Coronaviruses resist proteolytic attack from host C‐degron pathways by editing the surrounding sequence of diGly/C‐degrons
Coronavirus non‐structural proteins (NSPs) are synthesized as long polypeptide chains that are subsequently proteolytically processed into individual NSP proteins by the viral proteases PLpros/NSP3 and 3CLpro. PLpros cleaves at the NSP1‐2, 2‐3 and 3‐4 junctions following a diGly motif (Fig 8A) (Harcourt et al, 2004; Báez‐Santos et al, 2015). We wondered if PLpros‐processed NSP proteins are targeted by KLHDC2. Intriguingly, unlike human proteins cleaved by Dubs, diGly‐terminating NSP1 and NSP2 from SARS‐CoV (severe acute respiratory syndrome coronavirus) escaped the diGly/C‐degron pathway (Fig 8B). We characterized an inactivated NSP1 mutant (R124A, K125A) because wild‐type NSP1 expression is lethal to cells (Lokugamage et al, 2012; Tanaka et al, 2012).
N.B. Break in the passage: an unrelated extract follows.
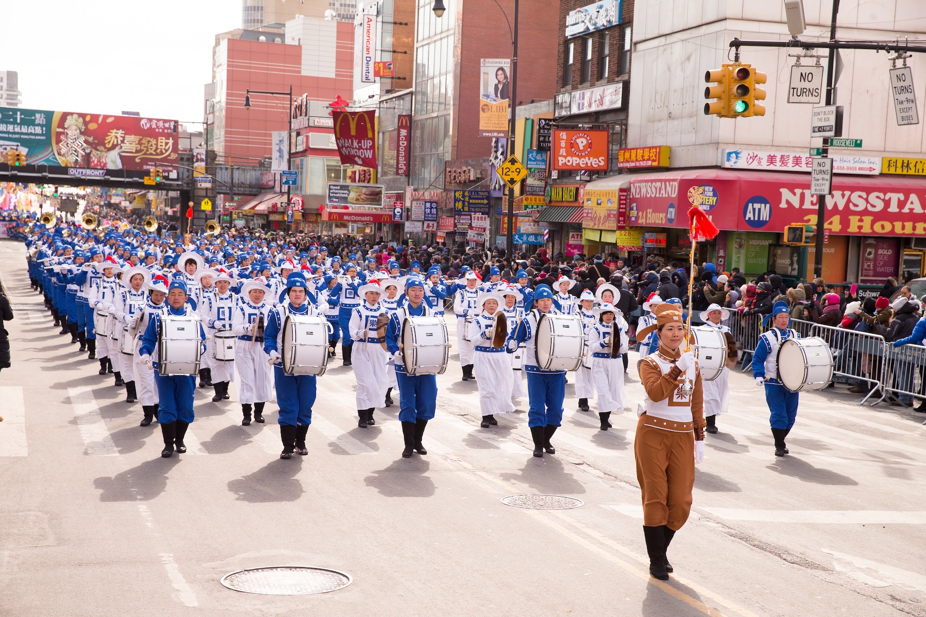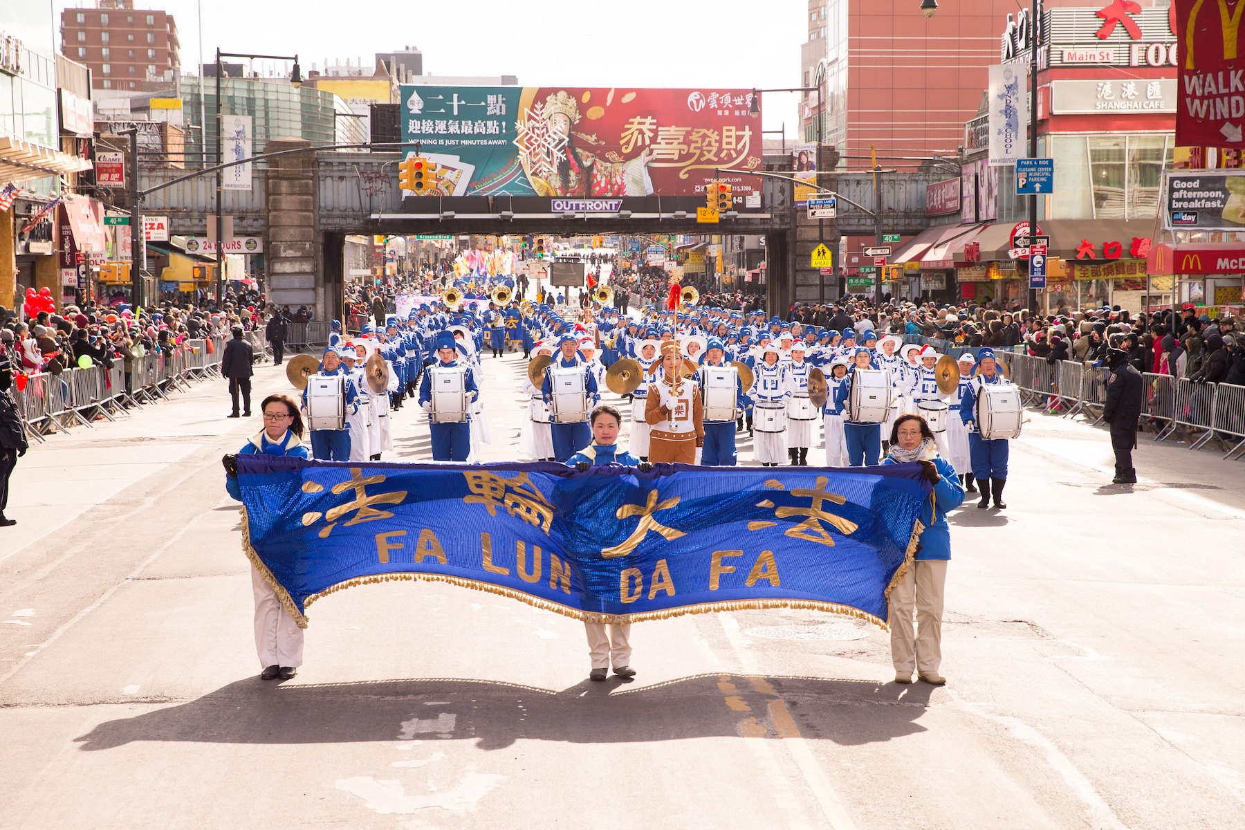 法拉盛新年游行中,法轮大法团体、全球退党服务中心如往年一样参加游行。他们阵容鼎盛,队伍整齐,有气势如虹的天国乐团、婀娜多姿的古风仙女、“凤船”花车、传统“中国风”的腰鼓队……,引人瞩目的亮点一个接一个,使他们再度成为游行最亮丽的队伍,民众赞不绝口,纷纷说:“法轮功队伍最壮观。”

To explain their immunity to the C‐degron pathway, we tested if the C‐terminal tails of NSP proteins include autonomous KLHDC2 degrons. In contrast to the 12‐residue C‐terminal motif of SDE2, FAU, or TUG, the C‐termini of coronavirus NSP proteins did not or only mildly promoted KLHDC2‐mediated degradation (Fig 8C), suggesting that the sequences surrounding coronavirus terminal diGly inactivate the KLHDC2 degrons. Consistent with that notion, the stability of GFP‐random peptide libraries ending with the final six residues of SARS‐CoV NSP1 was much greater than for those ending with only diGly, and that difference in stability was completely abolished when KLHDC2 function was blocked (Fig 8D). We found that KLHDC2 degron activity against SARS‐CoV NSPs could be drastically improved by changing as little as a single residue at the −3, −4, or −5 positions to Ala (Fig 8C). Collectively, our data demonstrate differential regulation of cellular and viral diGly‐terminating polypeptides by the diGly/C‐degron pathway and suggest that coronaviruses have adapted to resist proteolytic attack by host cells.
Discussion
Herein, we report physiological functions of C‐degron pathways and demonstrate the importance of protein “ends” in proteolysis‐mediated protein quality inspection. Furthermore, we establish links between the functional proteome and C‐degron pathways.
One selective pressure sculpting proteome evolution is the requirement that proteins have sufficient stability to perform their biological functions. Our results indicate that functional proteomes have evolved multiple tactics to cope with the threat of C‐degron pathway‐mediated proteolysis. Our proteome sequence analyses reveal striking Gly/C‐degron scarcity in functional eukaryotic proteomes but not in defective proteins produced from translation errors. Only ~ 50 full‐length proteins terminating with diGly occur in the human proteome. It is unclear why terminal Gly is depleted in the yeast proteome given that a CRL2 homolog does not exist in yeast. In line with our expectations, the shortfall in terminal Gly is restricted to intracellular proteins accessible to C‐degron pathways. Importantly, mutating the extreme C‐terminal residue of human proteins to Gly mostly triggered degradation, supporting a direct causal relationship between Gly ends and protein instability. In addition to excluding Gly/C‐degrons, proteins may possess particular folding properties to shield latent C‐degrons, such as those we have reported previously for ubiquitin and SUMO2 (Lin et al, 2018). Viral proteins are typically subjected to host protein degradation machineries. Interestingly, our data suggest that the sequences near to the diGly motifs of coronaviral diGly‐ending proteins prevent KLHDC2 attack. These results shed light on the protein quality control systems that support functional proteomes.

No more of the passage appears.